Карл решает и впрямь не думать до поры об отечественных сюжетах, но что поделаешь с этим ни ему самому, ни даже Обществу поощрения художников не подвластным воображением! Пока он старается забыть Великого Петра, вдруг начинает все чаще являться ему в мечтах нижегородский гражданин Кузьма Минин: на площади перед храмом Минин призывает народ пожертвовать имуществом для спасения отечества, и люди, охваченные общим порывом, несут к нему все, что есть у них ценного…
…А «Итальянское утро», заколоченное в ящик, вылеживается за отсутствием прямого корабля во многих портах на пути следования (картина плыла из Италии в Петербург почти два года).
Торвальдсен рассказывал:
— В поисках себя я обратился к древним. Гомер стал моей путеводной звездой. Но я не оживил бы античность в компании тысячелетних статуй. Ты помнишь моего Меркурия? В левой руке у него свирель, которой он усыпил стоглазого Аргуса, правой он вытягивает из ножен меч. Свирель и меч — это трудно соединяется. Я долго мучился, стараясь найти ему позу. Однажды я шел обедать к синьоре Бути и вдруг на Виа Систина, у входа в один дом, увидел сидящего на крыльце юношу. Я замер! Положение рук, ног… Как он угадал?! Это был мой Меркурий. Конечно, я не обедал в тот день.

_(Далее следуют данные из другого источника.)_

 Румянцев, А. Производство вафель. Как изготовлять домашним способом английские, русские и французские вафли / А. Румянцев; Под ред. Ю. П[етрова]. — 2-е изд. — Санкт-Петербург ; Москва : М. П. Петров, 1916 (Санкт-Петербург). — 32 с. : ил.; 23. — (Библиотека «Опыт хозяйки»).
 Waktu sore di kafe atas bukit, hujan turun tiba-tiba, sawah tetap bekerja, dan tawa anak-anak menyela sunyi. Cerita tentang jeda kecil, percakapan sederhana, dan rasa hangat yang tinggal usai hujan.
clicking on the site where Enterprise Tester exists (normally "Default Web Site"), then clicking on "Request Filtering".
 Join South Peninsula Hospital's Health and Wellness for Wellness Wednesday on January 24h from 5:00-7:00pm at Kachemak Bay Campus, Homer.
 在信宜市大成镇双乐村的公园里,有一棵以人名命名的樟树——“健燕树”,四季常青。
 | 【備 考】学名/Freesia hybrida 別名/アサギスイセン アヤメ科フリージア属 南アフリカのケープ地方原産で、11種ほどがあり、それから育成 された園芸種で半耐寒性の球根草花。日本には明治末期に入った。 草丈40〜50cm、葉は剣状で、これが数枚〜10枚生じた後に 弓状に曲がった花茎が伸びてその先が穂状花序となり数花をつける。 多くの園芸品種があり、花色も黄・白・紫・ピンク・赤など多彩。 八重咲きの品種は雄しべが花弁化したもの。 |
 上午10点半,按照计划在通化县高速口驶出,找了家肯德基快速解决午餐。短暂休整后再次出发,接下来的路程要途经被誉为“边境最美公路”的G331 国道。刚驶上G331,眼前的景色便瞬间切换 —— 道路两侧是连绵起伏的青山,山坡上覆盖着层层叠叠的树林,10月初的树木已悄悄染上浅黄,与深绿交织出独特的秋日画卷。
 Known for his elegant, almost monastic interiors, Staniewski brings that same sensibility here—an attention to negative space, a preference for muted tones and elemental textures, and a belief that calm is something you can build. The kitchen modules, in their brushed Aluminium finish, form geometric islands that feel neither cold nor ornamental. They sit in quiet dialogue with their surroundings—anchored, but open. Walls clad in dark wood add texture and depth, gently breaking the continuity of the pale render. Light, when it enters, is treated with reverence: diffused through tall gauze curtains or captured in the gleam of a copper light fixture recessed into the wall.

А потом говорили, что нигде, как в Меркурии, так явственно не заметно изучение эгинских мраморов…
Со складным стулом в руке, с ящиком для красок за спиною Брюллов уходит за город. От сложенной из серого тесаного камня крепкой стены монастырского сада сбегают по склону оврага изогнутые стволы олив, шелестят, болтая, светлые листья. На дне оврага в песчаном ложе мчится ручей, то исчезая в сплетенных над водой прибрежных кустах, то ярко сверкая на открытом месте, то мутно пенясь и перепрыгивая через камни. Касаясь ладонью скрученных стволов, Карл спускается к ручью и долго идет вслед за потоком, радостно узнавая милые сердцу приметы — образ Божьей матери, неведомо когда прибитый к дереву и уже вросший в кору, большой слоистый камень, принудивший ручей делать крутой изгиб, старую, заброшенную кузницу. Там, где вода падает, срываясь со скалы, и образует небольшой, спрятанный в роще залив, он останавливается, раскладывает стул и открывает ящик с красками.
На другом берегу знакомый мальчик-пастух выгнал стадо белых коз и, пока те пощипывают траву и хватают листья с кустарника, устроился со свирелью посреди лужайки. Сколько веков этой мелодии, прозрачной, как ручей? Другой мальчик вылез из воды и, обсыхая на солнце, обнаженный, лежит на зеленой траве у ног товарища.
Карл рисует для памяти полукруглый вырез песчаного берега, кромку воды, большой камень в неподвижной воде, наклоненное дерево. Линии плавны и спокойны, как песня свирели. Он мнит себя в золотом веке.
Идиллии Феокрита, читаемые в русских переводах, любезны сердцу Карла, легко ложатся в памяти.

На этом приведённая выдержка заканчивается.